BizTalk’s future

With Microsoft’s push to the cloud people are publicly wondering about the amount of R&D investments being made in “traditional” on-premiss server software. Microsoft is making a big bet on cloud computing and they *will* succeed. Looking at BizTalk Server specifically, and Microsoft integration middleware in general I can tell you this:

In the past couple of years, Microsoft faced three major hurdles in the adoption of BizTalk Server:

1. Low latency challenges. This prohibited BizTalk being used in people facing applications.

2. .Net developers

3. The “two workflow engines” story

The first is commonly known. Until BizTalk 2010 you had to go into the Management Database to tweak some settings in order to accomplish lower latency scenarios. It still meant a minimum of 50ms for every persistence point, but for most scenarios it was okay. This could however not be combined with high throughput scenarios. Until BizTalk 2010, where these tuning settings can now be performed at the host and host instance level providing for combinations of low latency and high throughput solutions. But still…. every message goes at least once to the MessagBox database…
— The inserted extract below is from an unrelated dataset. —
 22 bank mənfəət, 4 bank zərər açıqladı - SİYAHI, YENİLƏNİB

The second is probably less commonly known, but it is a fact that the “.Net developer” is the greatest BizTalk Server competitor. Why buy this stuff if you can build it yourself?
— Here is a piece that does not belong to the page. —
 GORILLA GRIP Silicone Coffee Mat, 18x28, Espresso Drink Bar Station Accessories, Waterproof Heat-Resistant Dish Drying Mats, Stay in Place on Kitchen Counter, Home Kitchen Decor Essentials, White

The third is also more and more known; why do we have two separate technologies and engines for handling human (WF) and system workflows (XLANG).

Together with the push to the cloud, this has resulted in some smart people at Microsoft coming up with a new architecture to make all of the above possible and satisfy everyone: one integration middleware architecture that enables development, deployment and management of integration solutions with one set of tools and which can be deployed in the Cloud and on-premises (Server or Appliance).
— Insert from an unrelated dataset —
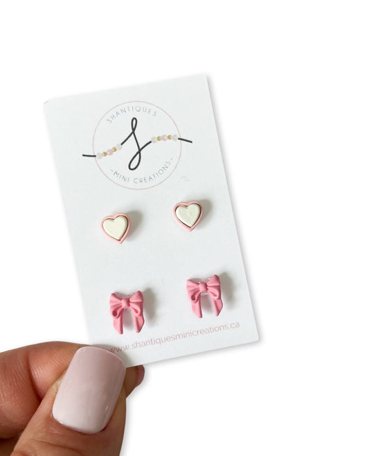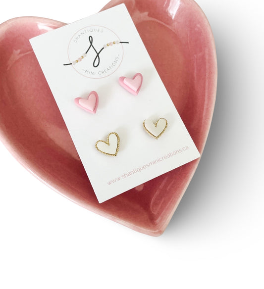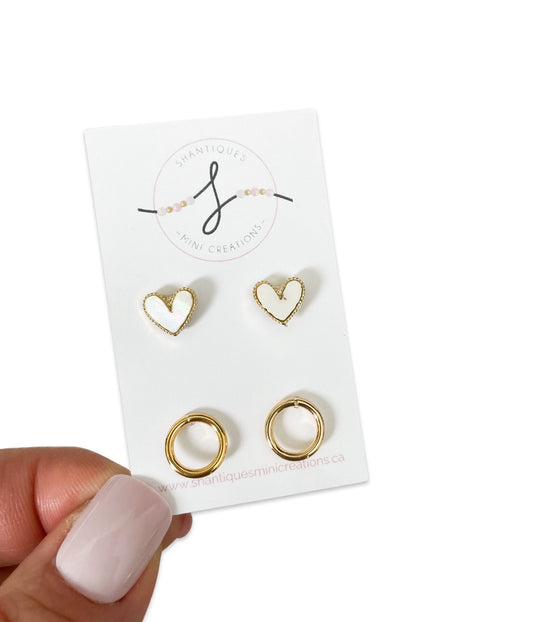 Duo Earrings - 14K Gold Plated Circles/White Hearts

Watch for some cool stuff being released in the coming period. Some of it already has been released, such as this week’s CTP release of composite apps in Azure.

It will probably take them a couple of years until this all proves to work out well, but I’m confident they’ll manage. And for us integration specialists it will become better and better, because integration won’t go away and the architecture and tools will help us architect, design and build better integration solutions and at the same time bring new possibilities thanks to the cloud. This will be a real paradigm shift!